Window to the world

January 19, 2014

Window to the world

Windows are very interesting. The walls are meant to shut you up inside and the windows are meant to connect you back, reach out to the world whenever you like and shun it when you don’t.

Grade three was an important year of my life. Not only did we shift to secondary school where we were expected to wear a red shalwar kameez but there was a big window in the class.

The enormous French window was located at the back. In the afternoon, the sunlight on our back could make it uncomfortable. If you wanted to peek out, you had to turn around. You could see the narrow lane that led to the backyard of the school and to the house next door. The house had a lovely garden. On a lucky day, you could be sent to stand by the window as a punishment and observe the gardeners at work. Once we even placed small plates of seeds by that window, to see how the seedlings sprout and start a new life.

Literature has famous ‘windows’, too. Throw your grief out of the window, wait for the window of opportunity when hurt and see into your beloved’s eyes as if it is the window to her soul. The most famous windows are the ones in The Wuthering Heights that help Heathcliff meet Catherine.

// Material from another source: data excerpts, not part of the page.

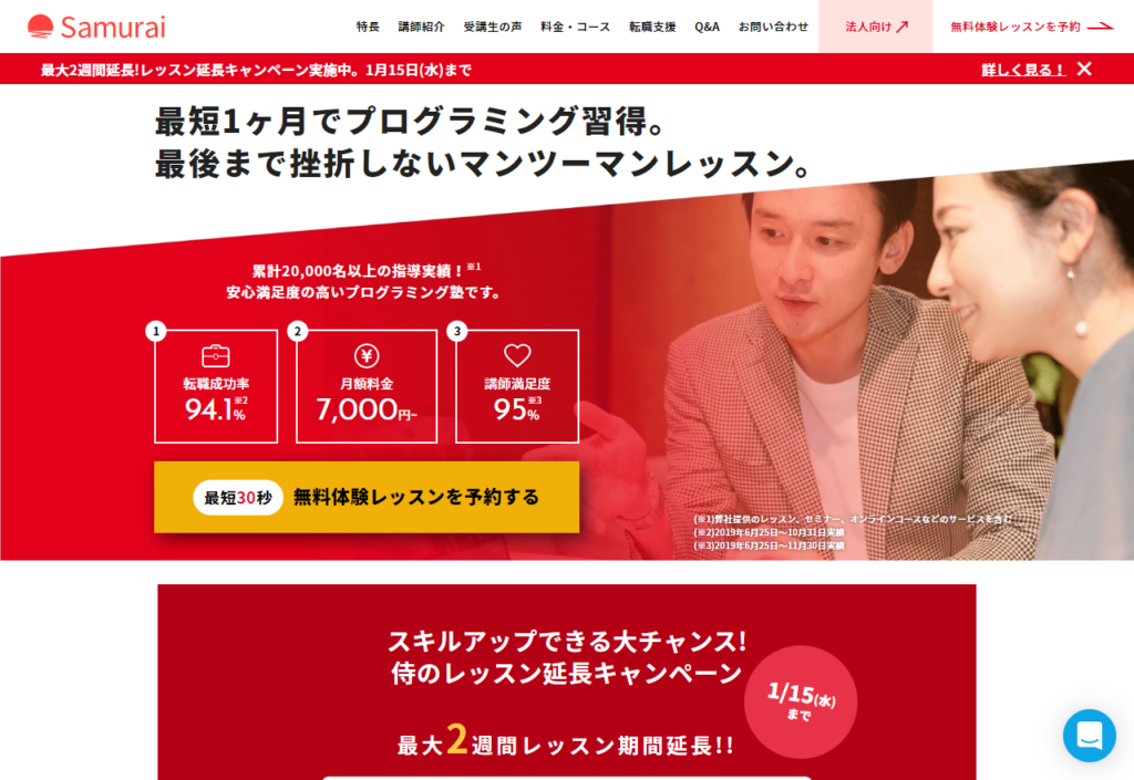 オンラインマンツーマン形式のエンジニアスクール「侍エンジニア塾」には、無料で学習できる転職特化型の「転職コース」があり、転職に成功すれば受講料を支払う必要はありません。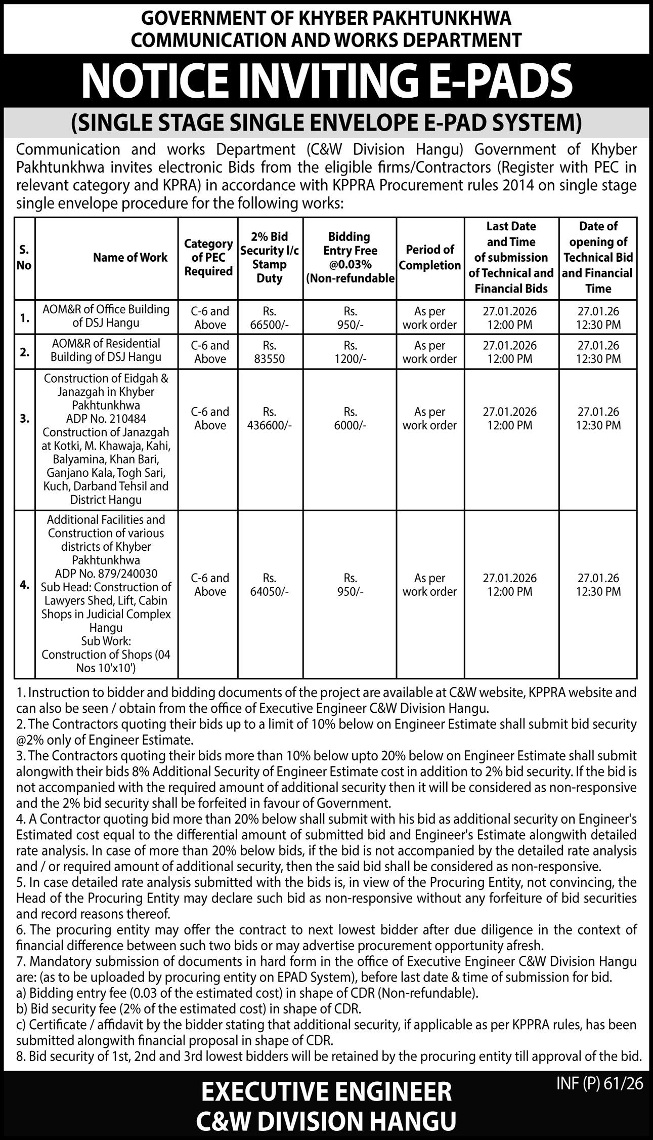 Water Supply Scheme / Drains / Sewerage, Roads, Repair & Maintenance, Engineering, Construction, Communication & Works, Buildings, Addition & Alteration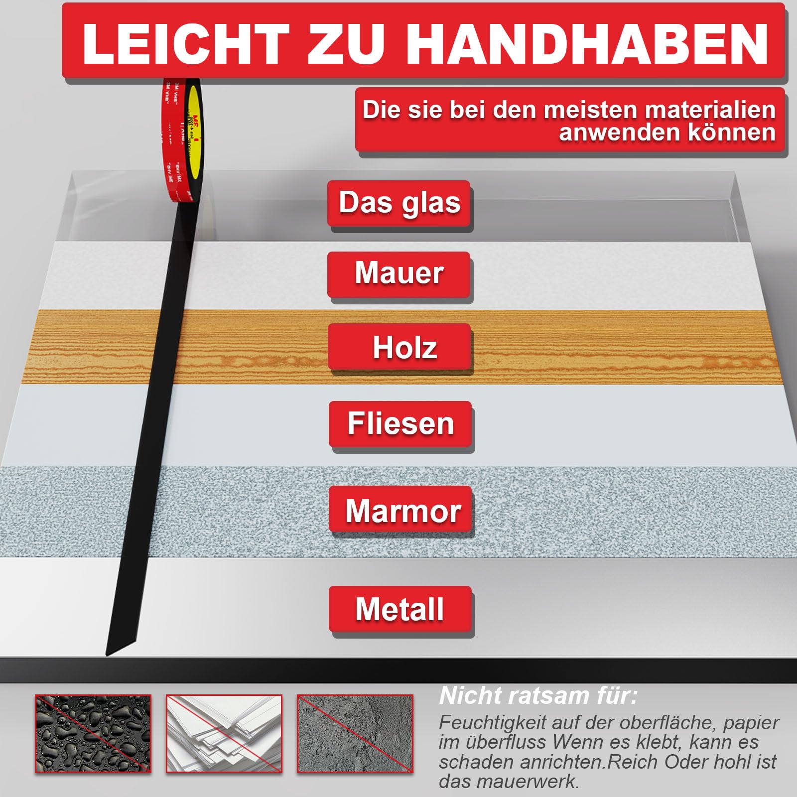 Das extra starke doppelseitige Klebeband von InTrans ist die perfekte Lösung für Ihre Haftbedürfnisse. Mit einer fortschrittlichen Formel, die eine hervorragende Haftung gewährleistet, bleibt dieses Klebeband auf jeder glatten Oberfläche an Ort und Stelle, von Fotos und Plakaten bis hin zu Dekorationen und LED-Lichtern. Darüber hinaus ermöglicht das rückstandsfreie Design ein sauberes und spurloses Abziehen und hält Ihre Oberflächen makellos. Es ist ideal für eine Vielzahl von Anwendungen, von zu Hause und im Büro bis hin zu Bastelprojekten und verfügt über eine Qualitätssicherung und einen hervorragenden Kundenservice. Mit den Massen 300 x 2 x 0,11 cm ist dieses doppelseitige Klebeband wasserfest und kompatibel mit einer Vielzahl von Materialien, einschliesslich Metall, Kunststoff, Glas, Holz, Stein und Vinyl.
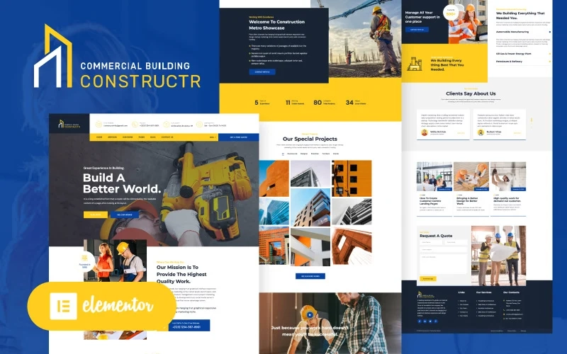 Constructr 是基于 Elementor 页面构建器构建的独特 WordPress 主题,适用于各种类型的建筑、建筑、工业、工厂、制造公司、工程网站。任何人都可以使用此主题构建自己的网站,而无需任何编码知识。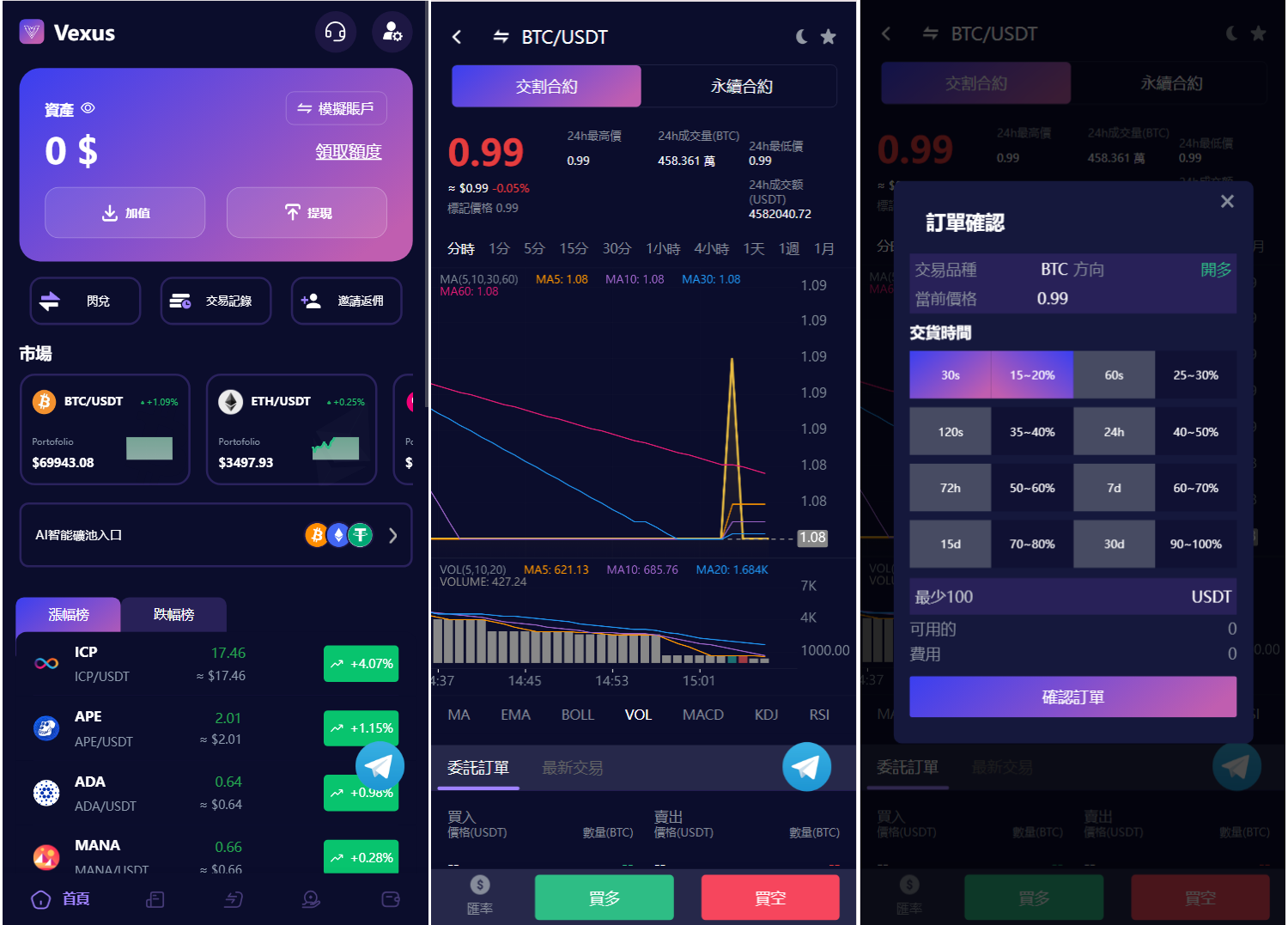 Vexus多语言虚拟货币交易所/java交易所源码/模拟账户+现货交易+永续合约+交割合约+基金理财+锁仓挖矿+质押贷款+闪兑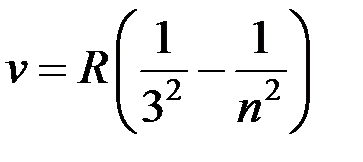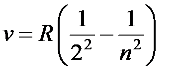 где R – постоянная Ридберга ( Числа m (m = 1, 2, 3 …) и n (n = m + 1, m + 2, m + 3, …) определяют номера электронных орбит в атоме, между которыми происходит квантовый переход. Приведенная формула описывает серии линий в спектре испускания атома водорода (рис. 13), где m определяет серию (m = 1, 2, 3…), а n определяет отдельные линии соответствующей серии (n = m + 1, m + 2, m + 3, …).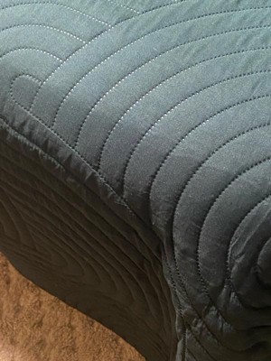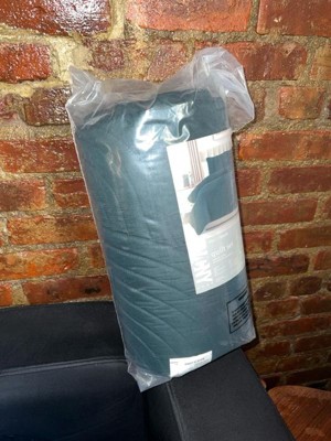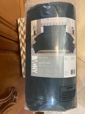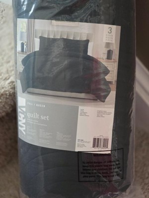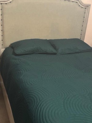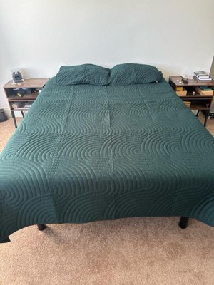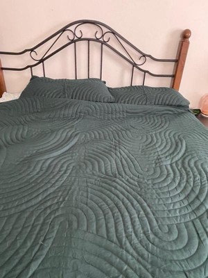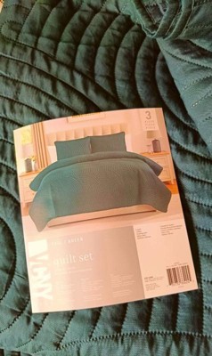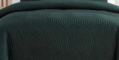 [This review was collected as part of a promotion.] The VCNY Sands Quilt Set comes in a poly bag. The 3-piece set includes a quilt and 2 standard size shams. The set I received is a size full/queen (90x90) with two 21x27 inch shams in dark green. The green color is very deep, almost bordering on being black. The design that is stitched in is a very neutral yet still fancy wave pattern. Both the quilt and the shams have the stitched pattern on them. The quilt is the perfect size for either a longer length full bed or a shorter length queen bed. I like the thickness of the quilt; it's perfect for spring or fall when the temperature is not too hot or too cold. I would recommend this quilt to family and friends.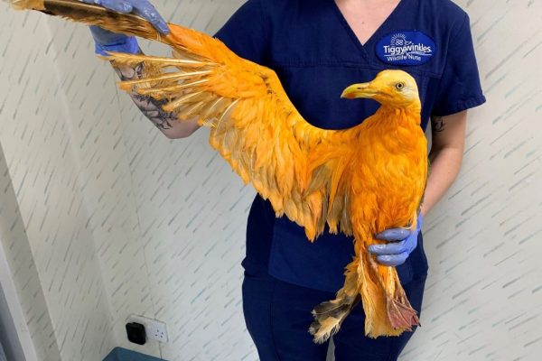 Ave ‘laranja’ é resgatada e veterinários descobrem que era uma gaivota coberta de curry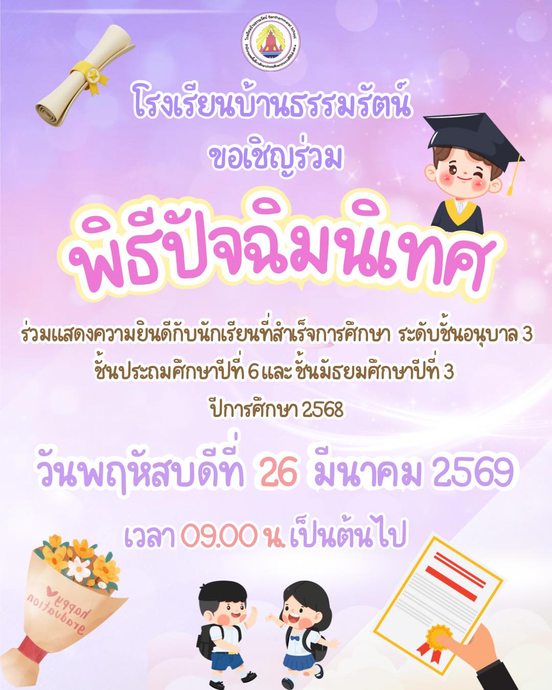 วันอังคารที่ ๒๔ กุมภาพันธ์ ๒๕๖๙ นางสาวนวรัตน์ ดำคำ ผู้อำนวยการโรงเรียนบ้านธรรมรัตน์ มอบหมายให้ นางสาวนิตยา ไชยแก้ว ครูโรงเรียนบ้านธรรมรัตน์ นำนักเรียนระดับชั้นอนุบาลปีที่ ๓ ทำบุญเนื่องในวันพระ ขึ้น ๘ ค่ำ เดือนสี่ (๔) 11 มี.ค. 69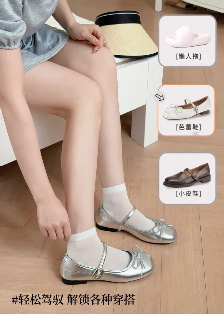 搭配浅色系裙装或小皮鞋 立刻展现知性气质 配上运动鞋又能打造温柔休闲风 轻盈透气的面料,让双脚保持干爽 即使一整天行走,也依然舒适自在 奶白色,给你的日常增添一抹高级感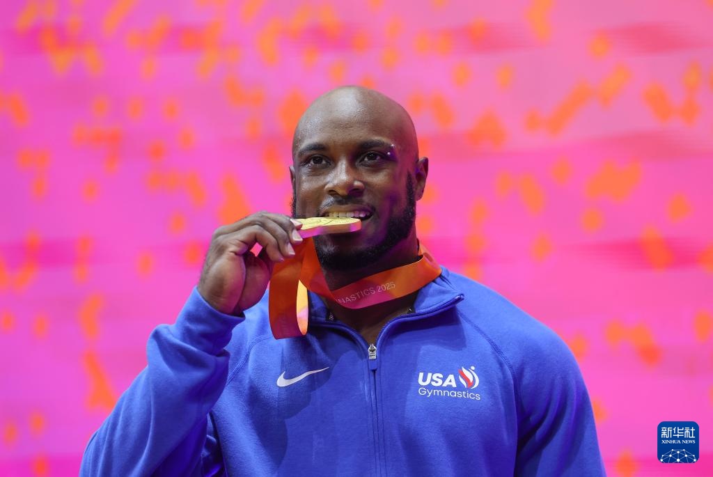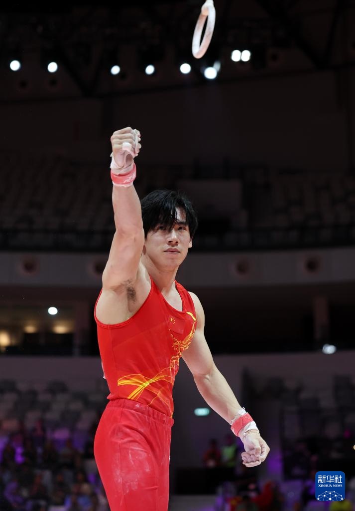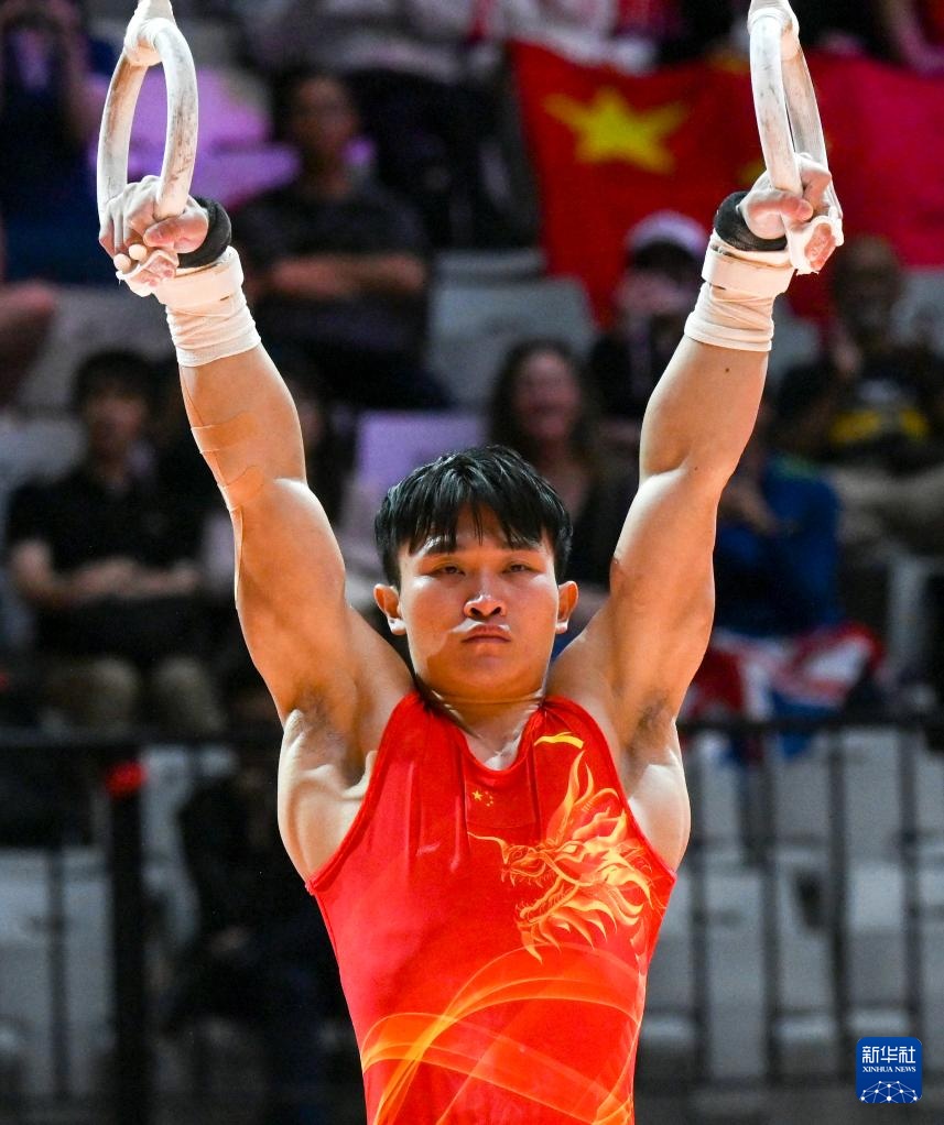 当日,2025年国际体操联合会(FIG)竞技体操世锦赛男子吊环决赛在印度尼西亚雅加达举行。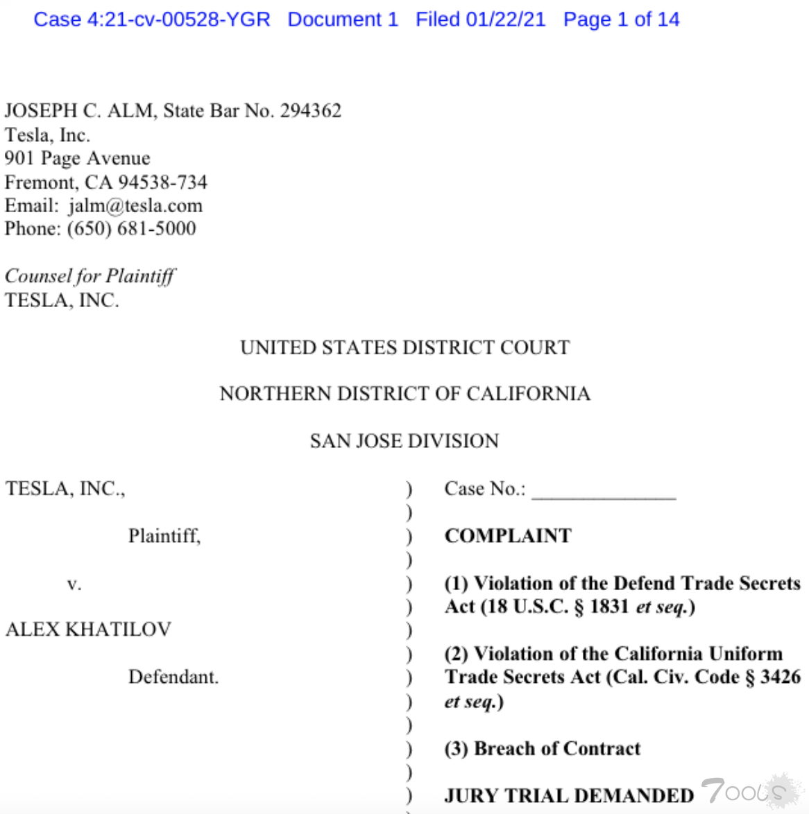 特斯拉指控哈蒂洛夫违反《捍卫商业秘密法》,《加利福尼亚统一商业秘密法》,以及《合同法》,因为他未能遵守应聘特斯拉时签署的商业保密协议。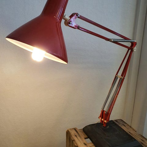Lampen har flere ridser på den sorte bund og på messingdelen. Se billeder.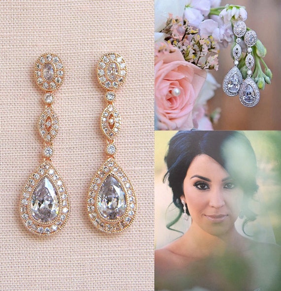 Rose Gouden Bruids Oorringen Bruiloft Oorbellen Lange Etsy

I remember a story by Robert Louise Stevenson very vividly. As a child, Stevenson couldn’t walk. His sole connection to the world was his window through which he observed people and made little figures of them. One of those figures was the "lightman" who came at night to turn the street lights on. The window made the little boy’s life interesting but also increased his longing for the world. I haven’t come across the story since class five.

In school, I spent a lot of time gazing outside the window. Who wants to deal with Algebra and Geometry when a vendor is selling falsa juice, a lady in a blue Foxy can’t park or the doorman is listening to the radio loud enough to wake the dead up.

In our fourth grade, there was a window, quite high up. It was inaccessible because we were small. However, if you could stand up on something, you would see the rich owner’s house. On a lucky day, her corgis, toy dogs and a huge snow-white fluffy dog that jumped like bull would be playing there.

Our fifth class window also looked out at the same dog’s heaven but from a different angle. This window was huge and the view was clearer. Sometimes the sari-clad owner would take a stroll and our eyes would pop out in excitement.

In class nine we were shifted to a room on the top of the building which felt like the Tower of Babel looking down on the world. I was particularly distracted by the passersby and the cleaning lady’s elaborate rituals. Sometimes the teachers discovered my flight into the unknown and changed my seat.

There is a window in my bedroom which looks out at the rectangular balcony of my room which looks out at the verandah and the gate. Previously, it was lush and green. But then my uncle returned from Canada and chopped all the trees. You can see the fog in winters and whoever is at the gate. I have planted new trees there.

This window was not just an escape from boredom. It was more of an escape into imagination. If I have watched a horror film I fear the vampires and the zombies are at the balcony, awaiting me. But usually, I can only see knights sword-fighting in my verandah, Hobbits jumping off the balcony or Romeo singing below it. Sometimes I see the renowned poet Faiz Ahmed Faiz playing the flute there. But this is rare.